Baca berita dengan sedikit iklan, klik disini
TEMPO.CO, Jakarta - Ketua Umum Gabungan Industri Minyak Nabati Indonesia (GIMNI) Bernard Riedo merespons adanya dugaan kartel ihwal tingginya harga minyak goreng di dalam negeri. Bernard menampik industri di dalam negeri bersepakat mengatur kenaikan harga.
“Tidak benar jika perusahaan dalam negeri yang mengatur harga. Perihal minyak goreng, sumber bahan baku adalah CPO (crude palm oil) dan CPO adalah komoditas yang harganya dipengaruhi dari luar negeri,” ujar Bernard saat dihubungi pada Kamis, 20 Januari 2022.
Bernard mengungkapkan komponen terbesar pembentuk harga minyak goreng adalah CPO. Karena mayoritas produk CPO ialah untuk ekspor, harga komoditas ini akan sangat terpengaruh dengan harga minyak nabati lain di dunia.
Dugaan kartel sebelumnya disampaikan oleh Komisioner Komisi Pengawas Persaingan Usaha (KPPU), Ukay Karyadi. Ukay melihat ada sinyal kartel dari masalah melejitnya harga minyak goreng dan mensinyalir perusahaan-perusahaan besar yang menguasai pangsa pasar dalam negeri telah mengatur kenaikan harga secara bersamaan.
Dugaan ini berangkat dari kondisi industri minyak goreng di Indonesia yang cenderung mengarah ke struktur oligopoli. Dalam data consentration ratio (CR) yang dihimpun KPPU pada 2019, empat industri besar tampak menguasai lebih dari 40 persen pangsa pasar minyak goreng di Indonesia.
Direktur Eksekutif GIMNI Sahat Sinaga mengakui telah bertemu dengan KPPU pada 18 Januari lalu untuk menjelaskan persoalan ihwal mahalnya harga minyak. Dalam paparannya, GIMNI menyatakan semua industri minyak goreng dalam negeri atau pemakai minyak sawit selalu berpedoman pada harga CPO yang dikeluarkan oleh PT. Kharisma Pemasaran Bersama Nusantara (KPBN) secara harian.
“KPBN adalah unit usaha dari BUMN, bukan swasta. Harga CPO harian (yang dikeluarkan KPBN) selalu mengacu (harga) di Dumai atau Belawan dan mengacu pada harga KLCX ( Kuala Lumpur) dan Rotterdam,” ujar Sahat.
Mengacu harga tersebut, komoditas CPO telah mengalami peningkatan sejak Mei 2020 hingga 20 Januari 2022 dari Rp 6.742 per kilogram menjadi Rp 15.120 per kilogram alias naik 224 persen. Kenaikan terjadi karena suplai yang berkurang dan permintaan global yang sangat tinggi.

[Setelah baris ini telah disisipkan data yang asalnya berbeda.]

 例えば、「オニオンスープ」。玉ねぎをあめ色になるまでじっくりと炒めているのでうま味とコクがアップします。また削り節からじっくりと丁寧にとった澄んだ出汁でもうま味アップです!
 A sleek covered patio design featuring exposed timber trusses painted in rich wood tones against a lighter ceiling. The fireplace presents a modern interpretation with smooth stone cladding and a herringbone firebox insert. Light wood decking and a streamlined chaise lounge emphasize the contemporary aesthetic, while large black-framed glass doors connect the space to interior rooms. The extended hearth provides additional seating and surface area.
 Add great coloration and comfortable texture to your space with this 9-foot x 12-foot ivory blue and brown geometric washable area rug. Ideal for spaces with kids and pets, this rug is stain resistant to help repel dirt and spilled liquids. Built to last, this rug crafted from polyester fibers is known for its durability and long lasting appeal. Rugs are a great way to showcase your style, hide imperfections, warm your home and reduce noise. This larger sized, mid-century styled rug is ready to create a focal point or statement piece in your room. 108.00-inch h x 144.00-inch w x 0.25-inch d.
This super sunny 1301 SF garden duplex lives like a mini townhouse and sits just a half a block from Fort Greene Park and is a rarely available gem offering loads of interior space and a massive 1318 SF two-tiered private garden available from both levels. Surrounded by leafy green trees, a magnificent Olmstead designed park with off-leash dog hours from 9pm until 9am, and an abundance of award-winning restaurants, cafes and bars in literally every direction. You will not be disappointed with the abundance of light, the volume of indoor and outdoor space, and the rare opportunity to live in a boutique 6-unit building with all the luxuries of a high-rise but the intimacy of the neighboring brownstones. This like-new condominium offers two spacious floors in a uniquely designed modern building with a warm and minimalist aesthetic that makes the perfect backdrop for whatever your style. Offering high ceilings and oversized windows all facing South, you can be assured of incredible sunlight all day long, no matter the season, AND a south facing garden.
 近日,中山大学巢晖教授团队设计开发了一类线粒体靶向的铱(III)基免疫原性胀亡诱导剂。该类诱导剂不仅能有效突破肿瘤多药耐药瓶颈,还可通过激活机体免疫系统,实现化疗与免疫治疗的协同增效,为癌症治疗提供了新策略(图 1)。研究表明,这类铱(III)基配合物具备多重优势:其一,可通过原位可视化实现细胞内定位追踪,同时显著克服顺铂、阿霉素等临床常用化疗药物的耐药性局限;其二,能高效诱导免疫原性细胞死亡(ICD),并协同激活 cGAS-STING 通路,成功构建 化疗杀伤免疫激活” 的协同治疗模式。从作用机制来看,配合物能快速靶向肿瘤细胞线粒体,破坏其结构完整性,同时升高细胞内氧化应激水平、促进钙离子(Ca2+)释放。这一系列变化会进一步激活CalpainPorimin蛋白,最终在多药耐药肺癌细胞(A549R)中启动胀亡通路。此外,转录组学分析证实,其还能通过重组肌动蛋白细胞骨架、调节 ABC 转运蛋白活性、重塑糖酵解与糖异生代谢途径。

Dengan penentuan harga CPO yang mengacu pada KPBN, Sahat mengatakan kecil kemungkinan industri domestik kongkalingkong. “Jadi ini tak ubahnya tukang jahit, yang bila harga kain naik, otomatis harga jual tinggi,” katanya.

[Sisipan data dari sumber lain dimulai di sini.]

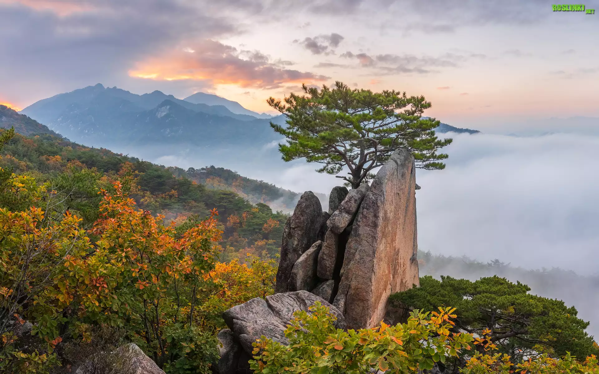 Rośliny: Góry, Drzewo, Sosna, Skała, Mgła, Niebo, Chmury, Lasy, Jesień
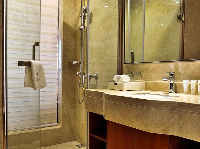 酒店距离华润万象城、丹尼斯大卫城、新田360购物中心、大上海城、德化步行街、世贸大户批发城、地标建筑(二七塔)、郑大一附院等热门商圈很近。酒店近轨道交通3号线、1号线。 酒店集商务会议,餐饮为一体的国际化高端商务酒店。酒店层高24层,拥有豪华客房、套房;房间装修精致,舒适宽敞并配备高品质客房设施,包括大型停车场、自助早餐厅、自助洗衣房、健身房、大堂吧、雅典餐厅,商务中心等设施,让客人充分体验酒店的豪华与舒适。 酒店配备3个会议室:220平中联厅、100平、150平多功能会议室。作为郑州市二七区商圈的一家豪华型酒店,我们以完善的配套设施,优越的地理位置,专业的酒店服务让您的旅途温馨愉悦!
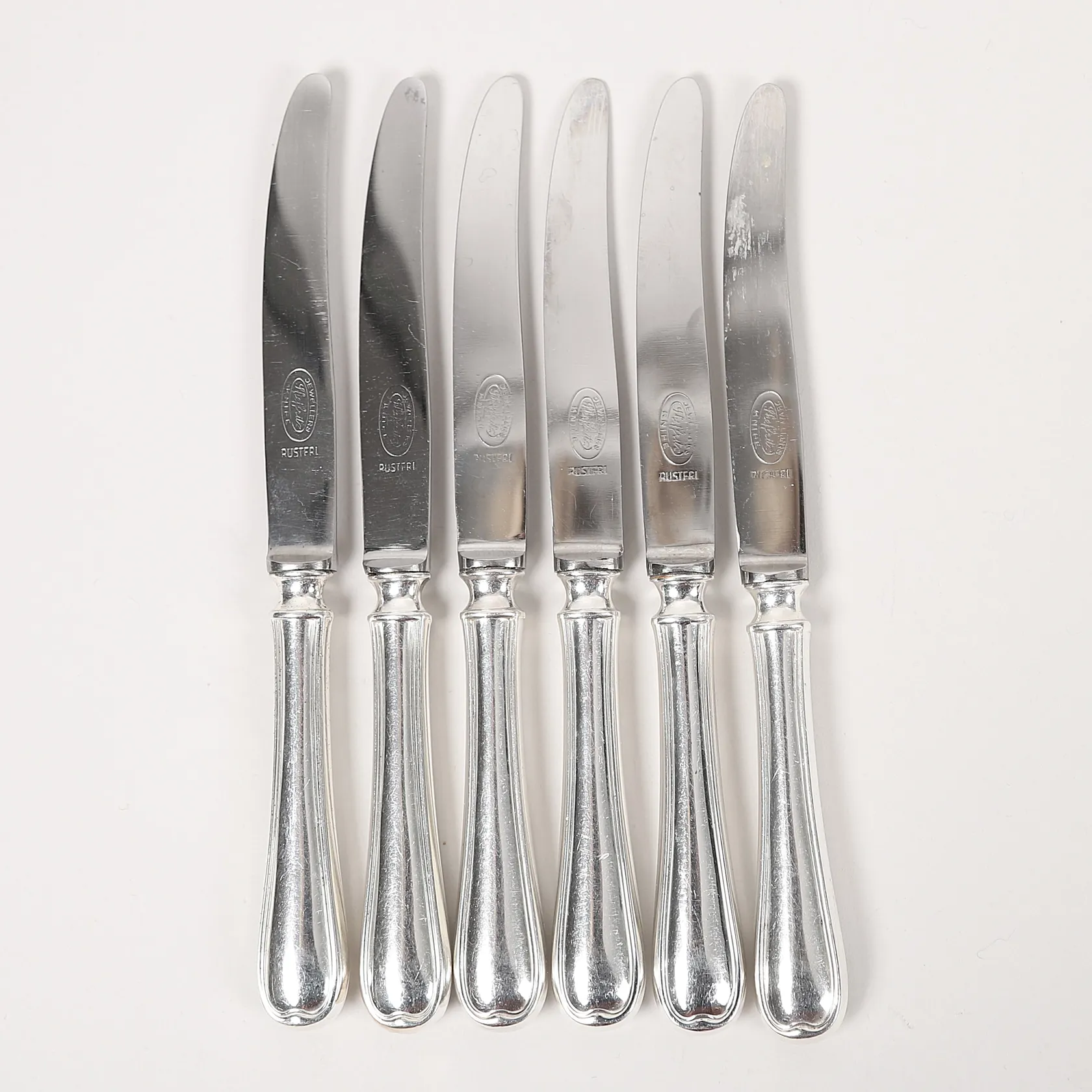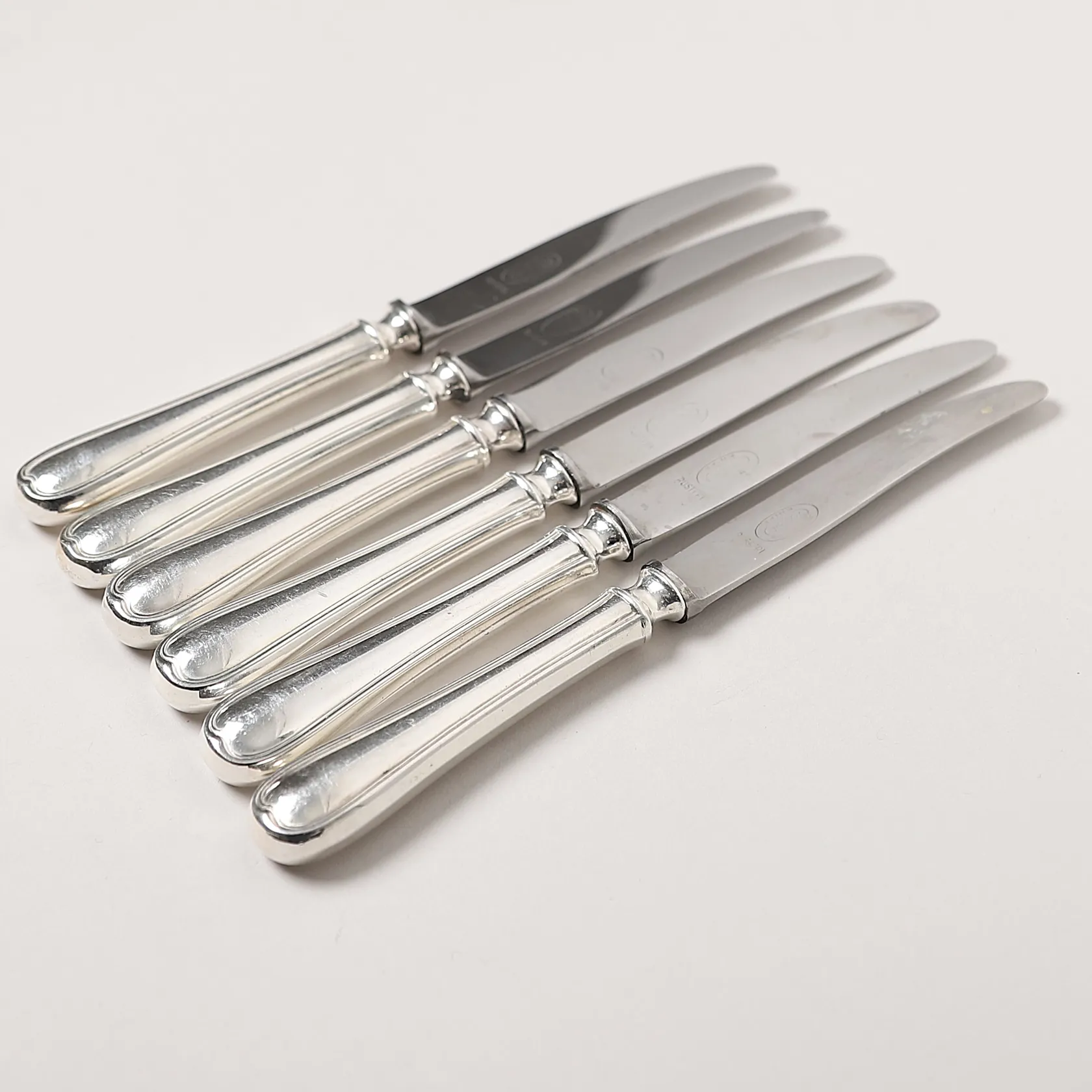 Sex förrättsknivar, Magnus Aase, Bergen, Norge, längd 17,5cm, smärre bruksslitage, silver och stålblad, bruttovikt 261,6g Vikt: 261,6 g.

Selain itu, dia menampik mayoritas industri hilir minyak goreng terintegrasi atau terafiliasi dengan perkebunan sawit milik besar.
Ukay sebelumnya menduga pemain besar minyak goreng di dalam negeri terintegrasi dengan kelompok usaha perkebunan kelapa sawit dan beberapa produk turunannya. Artinya masing-masing industri minyak goreng jumbo umumnya memiliki kebun sawit.
Kondisi ini menjadi pendorong bagi industri menaikkan harga secara bersamaan selepas harga CPO naik. “Kalau pun CPO untuk produksi minyak tidak dinaikkan, pabrik minyak gorengnya akan tetap untung,” tutur dia.
Ukay menyebut KPPU masih akan mendalami penelitian mengenai dugaan adanya kartel di industri minyak goreng. Data yang ada saat ini, kata dia, akan menjadi pintu masuk bagi KPPU untuk melanjutkan proses ke arah penyelidikan.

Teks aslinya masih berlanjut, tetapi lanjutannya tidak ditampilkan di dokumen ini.